Dozens of Central Coast businesses are facing lawsuits after being accused of violating federal disability access laws. Masuda's story was soon featured on MSNBC. The San Luis Obispo Tribune weighed in on Sept. 10 with its front-page "Wave of disability lawsuits takes toll on area businesses." "More than 50 Central Coast businesses are reeling -- and at least one closed -- after a disabled man visited lawsuit after lawsuit on San Luis Obispo County establishments he claims discriminated against him by making it tough for him to get around," wrote rookie reporter Lindsay Christians. "Jarek Molski uses a wheelchair because of a 1988 motorcycle accident. The 34-year-old Woodland Hills man said heavy doors and access ramps that were too steep posed access problems for him." Christians' story continued, "Disabled-parking signs at many restaurants aren't up to California code, Molski's lawsuits state. Counters at other eateries were too high, bathrooms too small and grip [sic] bars and paper dispensers were the wrong height.
At nearly every establishment, Molski claimed that he was humiliated and injured, including "upper extremity trauma" and scraping his knuckles.
The stories about Molski are only the latest in a series forming a pattern: a disabled person -- and yes, it is usually a single disabled person, a "lone wolf" -- sues enough businesses to catch the attention of the media. Others have been George Louie, of Sacramento, who news reports say has filed about 1,000 lawsuits since 1998, mostly in Northern California, and, in the 1990s, Kornel Botosan.
Once reporters lock onto the story, they're fed a steady diet of outrage by business owners, whose complaints form a pattern as well. Businesses tell reporters .... 1. No disabled people ever come in here. The owner of The Dashboard Store and Expert Window Tinting, sued because his "bathroom wasn't compliant, his counter was too high and it was too difficult to get through the door," told Copley News Services's Matt Krasnowski that "We never saw anybody in a wheelchair come here. . . . I'm here all the time. We never saw anyone get injured." 2. "Access" is horridly expensive. This argument is a peculiar one, because the expenses which are decried in the media are usually, in fact, not for access, but for fighting against access. Over and over we read of how much lawsuits cost businesses. Invariably, a close reading of the articles reveals that the lion's share of the cost is not for access, but for legal fees -- to their own attorneys. (More.) The actual costs for the access changes is often not mentioned at all -- perhaps because it does not form a significant percentage of the cost. Reporters, however, don't seem to pick up on this.

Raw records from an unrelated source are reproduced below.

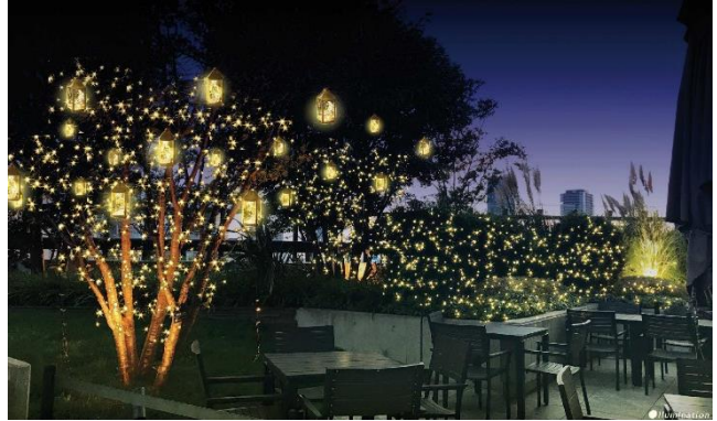
南館9階 屋外植栽エリア 実施イメージ
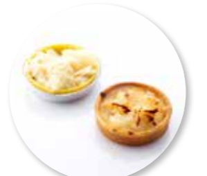
Bordalou Peer ± 110 g per st. / 8 Ø / 10 st. Ref. 05251 * -18°
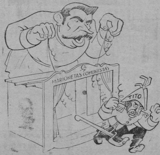
Una marioneta que se emancipa
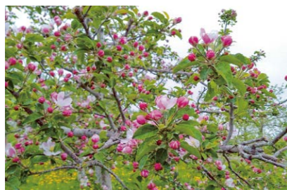
リンゴの花は、品種によってピンクが濃いものや、ほぼ白に近いものも。写真は、千雪の花。

松下リンゴ園 河西郡芽室町北明西6線16番地 TEL.080-1876-8458 ◎(9月下旬～11月下旬) 10:00～14:30 ☎水曜
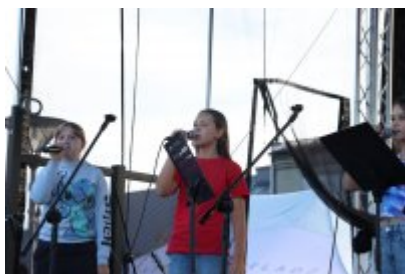
Piknik Ekologiczny w Czeladzi
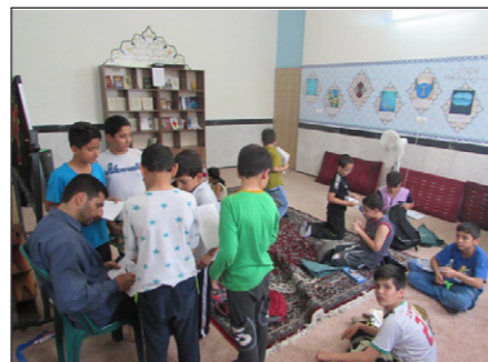
• کلاس جذاب کاریکاتور هم مشتری‌های خاص خودشو داره
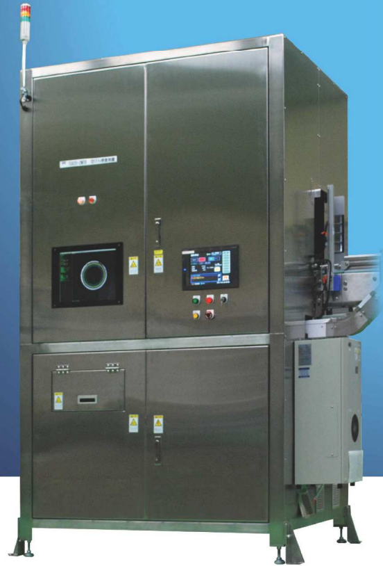
■ びん口検査画像 (欠け)

充填前の空びんを複数のカメラで 撮像し、不良品を検出します。 ストレート搬送を採用し、 インラインで高速・高精度に 自動検査を行います。
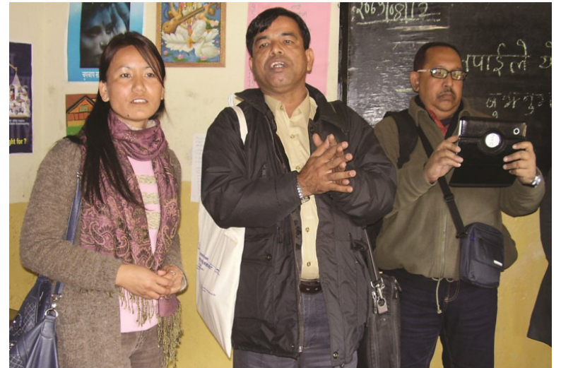
لامين لاما ۽ ابوريجان البيروني سان گڏ
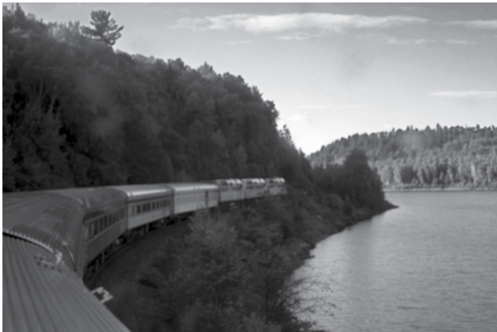
Toget snor sig gennem Ontarios skove, på vej vestpå
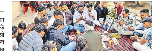
भिवानी। सदबुद्धि आने को लेकर आयोजित हवन में आहुति डालते हुए।
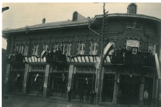
تصویر ۸. ساختمان بانک پهلوی، دوره‌ی پهلوی اول، رشت.

نمای ورودی و ساختمان‌های باشکوه سربازخانه‌ی رشت در تصویر (۱۱) به همراه قراول‌خانه که در آن دوران به سبک اروپایی ساخته شد، و دو برجک در ورودی این سربازخانه دیده می‌شود. این بنا نیز در روزگار خود از معماری بی‌رقیبی بهره می‌برد.
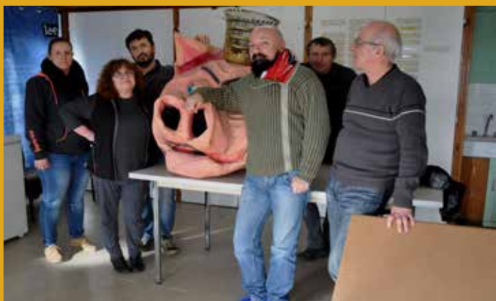
Y'a du carnaval dans l'air !
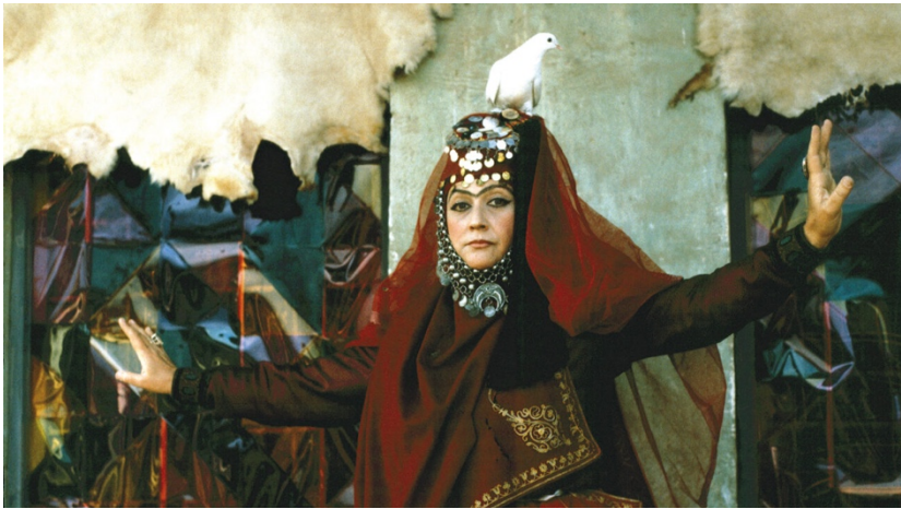
Filmstill aus Ashik Kerib
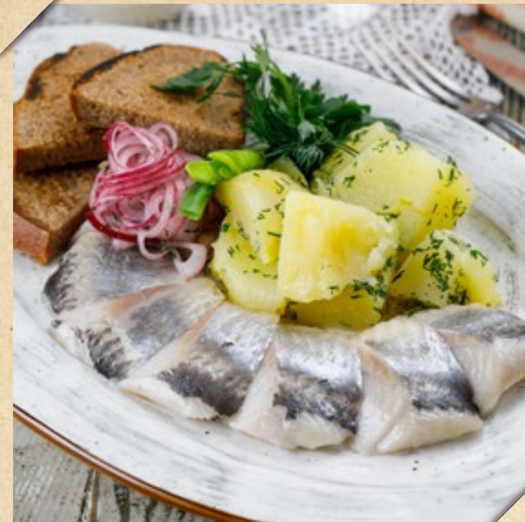
СЕЛЬДЬ АТЛАНТИЧЕСКАЯ С ОТВАРНЫМ КАРТОФЕЛЕМ

HERRING VORSCHMACK, SERVED WITH TOASTED RYE BREAD
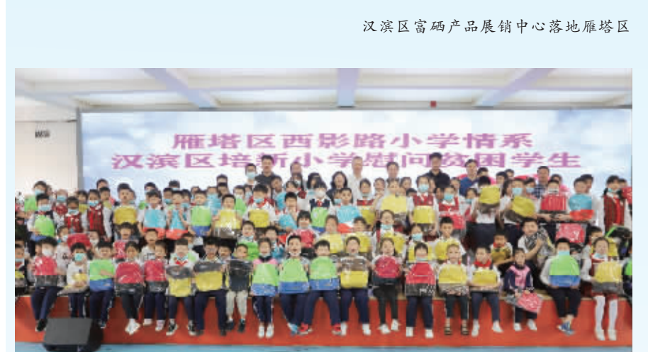
积极开展互学互访互助,为孩子们创造美好明天

Pismo Bowl owner Chris Goldie told Christians she had "already spent around $5,000 defending herself and can't afford to fight the lawsuit." Most news stories referred to the $4,000 in damages Molski was collecting, an amount recently approved under California's Civil Rights act, the Unruh Act. (The ADA itself has no provision for damages, which are typically awarded in a lawsuit in which the plaintiff can prove to have been injured emotionally or physically by the discrimination.) That plaintiffs collect these legal damages is proof to businesses and pundits alike that disabled people are just trying to get money. "If this guy was interested in having more access for people with disabilities, he'd be leading people into the mediation program, not trying to line his pockets," Bob Hatch, of the Santa Maria Chamber of Commerce, told Masuda. No one seems to note that judges would likely not award the damages if the case were truly the "frivolous" one it is made out to be. In a Sept. 11 editorial, the Tribune wrote that what it took "to make Molski ... go away" was "not a demand for upgrading of facilities; it's simply money -- whatever the market will bear." "This is all about money and rarely about access," Andy Kotner, president of San Diego County Citizens Against Lawsuit Abuse," told Krasnowski.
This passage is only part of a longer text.